# Va Beach Pier



## NTKG (Aug 16, 2003)

Hey guys, just thought i'd let you know. Gail and I have always talked about how VABEACH Pier needs a king end, or a diamond, or some damn place for us to throw gotchas and maybe a kinger if we feel so motivated. I joked a hurricane should come knock down the pier so they could rebuild with a T. Well I've spoken with gail, and here's the news boys. VA beach pier is open, scattered roundheads/croakers. HOWEVER!!!!!! VA beach is waiting on pilings to rebuild the 30ft lost in the hurricane, AS WELL as 40 extra feet AND a diamond on the end so we can actually throw gotchas without bottom anglers everywhere on the end. EXCELLENT NEWS. THey were supposed to begin rebuild after easter, but the contractor/s have been backed up and are expecting things to be rollin soon. this is great news to me since i fish there often. Im the korean guy out on the end all the time, but just thought i'd share that with you guys.


----------



## cocoflea (Aug 1, 2002)

Great News I know you said the contractors are backed up but did the give you a guestament time frame?


----------



## Tinybaum (Mar 8, 2004)

Thats good news, but since when could you throw a king rig out there, last I remember you werent allowed cause they didnt want fishermen drawing species like that close to the beach......cause you know throwing a few peices of bait is the real reason those fish are there not cause its their habitat or anything.....lol

Long time ago i believe there was a T on the end but storms took it down and they never rebuilt it.

Tiny


----------



## NTKG (Aug 16, 2003)

gail was telling me a "few weeks" but within a month .5.... so she said.... but its all up to the contractors!


----------



## BULLDAWG (Aug 28, 2003)

*Hello Hang !!!*

That's great!!! Enjoyed fishing that pier last year looking forward to hitting it again, thinking maybe thursday night .Been tied up prepping my house to go on the market with some last minute details but now its done and there's time for fishing again at least until we start packing up to head to moyock.Let me know when your heading out this way and maybe I'll see you out at Va Pier.


----------



## cuzdave (Jan 8, 2004)

How late is the pier open? Thanks. ( I found out. I forgot there's this thing called a phone. I used it and got an answer: the pier is open 8-8 everyday for now. )


----------



## cobiadude (Apr 23, 2004)

*nothin*

thats awesome considering all thee hampton piers minus like 2 have been demolished due to that dumb storm.anyway i was wonderin if youll catch cobia out there cuz i love to catchem and have nowhere to go thats close and if you do ill be out there tis summer and whut style rigs do you use to catch them bottom fishin or pin riggin


----------



## Fishendude15 (Jan 20, 2004)

I dont know if va beach catches them but i have seen them caught at sandbridge. That is where i am going for them this year.


----------



## Stingsilver (Apr 5, 2002)

The problem with kingfishing from va beach pier is that the boats and skidoos (and even the police boats) come right by the end. I've never seen an anchor line last more than an hour or 2 off the end. I always hang a bait off the side close to the end, but on the bottom, buckroe style, and sometimes put out a float rig with a live spot or threadfin or menhaden, but i keep it no more than 20-30 yards or so off the pier. And although i've heard that the occasional cobia has been caught there, i have never seen it and i haven't had the luck to get one. I really hope they do add a Tee or diamond, but they need to post signs about boats keeping 300 feet off (which the boaters are supposed to do anyway, i believe?) and they need to talk to the shore patrol about some enforcement.

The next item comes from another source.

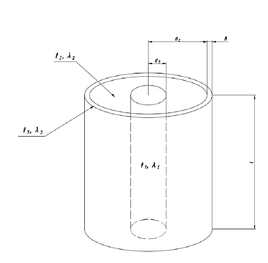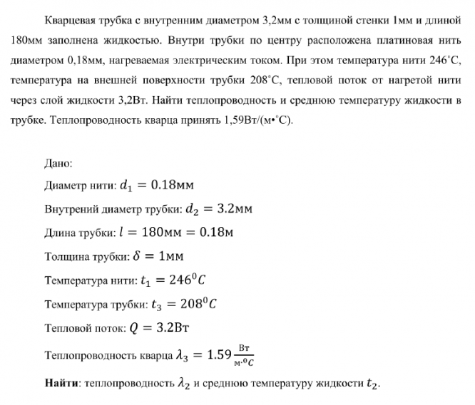 Кварцевая трубка с внутренним диаметром 3,2мм с толщиной стенки 1мм и длиной 180мм заполнена жидкостью. Внутри трубки по центру расположена платиновая нить диаметром 0,18мм, нагреваемая электрическим током. При этом температура нити 246˚С, температура на внешней поверхности трубки 208˚С, тепловой поток от нагретой нити через слой жидкости 3,2Вт. Найти теплопроводность и среднюю температуру жидкости в трубке. Теплопроводность кварца принять 1,59Вт/(м•˚С).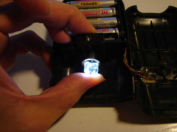 Cuando se utiliza un LED blanco, el método más fácil de conducir, es una conexión en serie con una resistencia de derivación. Trabajando en valores típicos para un LED de 5mm blanco.

Virginia beach used to be a great pier and i'd love to see it come back, cuz i fish there many weekends in the summer with my kid.


----------



## cobiadude (Apr 23, 2004)

*thats good*

how many of youll fish for them buckroe style and how often are they caught on sandbridge


----------



## Fishendude15 (Jan 20, 2004)

what is buckroe style?


----------



## cobiadude (Apr 23, 2004)

*nothin*

when you use 2 swivels one for sinker to slide freely and the other tied on the end for you hook and bait and fish on the bottom


----------



## cobiadude (Apr 23, 2004)

*question*

bobby my names andrew let me know when you make your first trip out there maybe hook up and fish together some time this year


----------



## wild sidearm (Aug 16, 2003)

isn't that like a drum rig


----------



## Fishendude15 (Jan 20, 2004)

Cobiadude that sounds good.


----------



## cobiadude (Apr 23, 2004)

*yep*

its your handy dandy drum set up thats how ive fished for them for the last 6 years


----------



## Fishendude15 (Jan 20, 2004)

cool i am going to try the rig that uses two rod.(ancor rod and fighting rod)


----------



## cobiadude (Apr 23, 2004)

*no*

thats the onbe rod system im not sure how to use the 2 rod system man


----------



## Bonito6t9 (Dec 2, 2003)

buckroe style is nothin but the cheap mans fish finder rig...tightlines



Fred


----------



## Fishendude15 (Jan 20, 2004)

When lynnhaven opens at 8 am on the 15th i'll be there.


----------